Could This Be State-Sponsored Espionage?

The motivation behind the theft of credentials and WhatsApp accounts is unclear, but such actions could help identify the perpetrators.

A government-backed group might seek access to the email accounts and two-factor codes of high-profile targets—such as politicians or journalists—to obtain confidential information.

This theory is plausible given Iran’s current isolation from the global internet, making information gathering challenging. Both Iranian authorities and foreign governments with interests in Iran could have reasons to monitor communications among influential individuals connected to Iran.

The timing and choice of targets suggest the possibility of an espionage operation focused on a select group of people.

Security researcher Gary Miller from Citizen Lab, who specializes in mobile espionage, reviewed the phishing code and some of the exposed data. He noted that the attack bore the hallmarks of a spearphishing campaign linked to Iran’s Islamic Revolutionary Guard Corps (IRGC), citing the international range of victims, credential theft, abuse of messaging platforms, and use of social engineering tactics.

Financially Motivated Cybercrime?

Alternatively, a financially driven hacker could use stolen Gmail credentials and two-factor codes to access sensitive business information or drain cryptocurrency and bank accounts by resetting passwords.

However, the campaign’s emphasis on collecting location and media files is atypical for financially motivated attackers, who usually have little interest in such data.
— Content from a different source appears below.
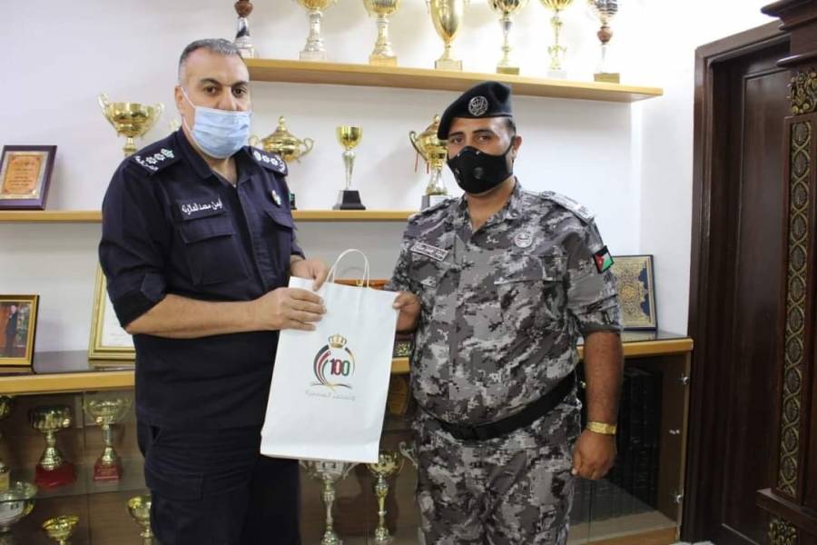 مدير شرطة الزرقاء العقيد أيمن العلاونه يكرم وكيل من قوات الدرك لأمانته..

Threat researcher Ian Campbell from DomainTools analyzed the campaign’s domains and found that most were registered in early November 2025, with one dating back to August 2025. He described the domains as medium-to-high risk and suggested they were likely part of a financially motivated cybercrime operation.

It’s worth noting that the Iranian government has previously outsourced cyberattacks to criminal groups to obscure its involvement. The U.S. Treasury has sanctioned Iranian companies for acting as fronts for the IRGC and conducting phishing and social engineering attacks.

As Miller emphasized, “Clicking on unsolicited WhatsApp links, no matter how convincing they appear, is extremely risky and should be avoided.”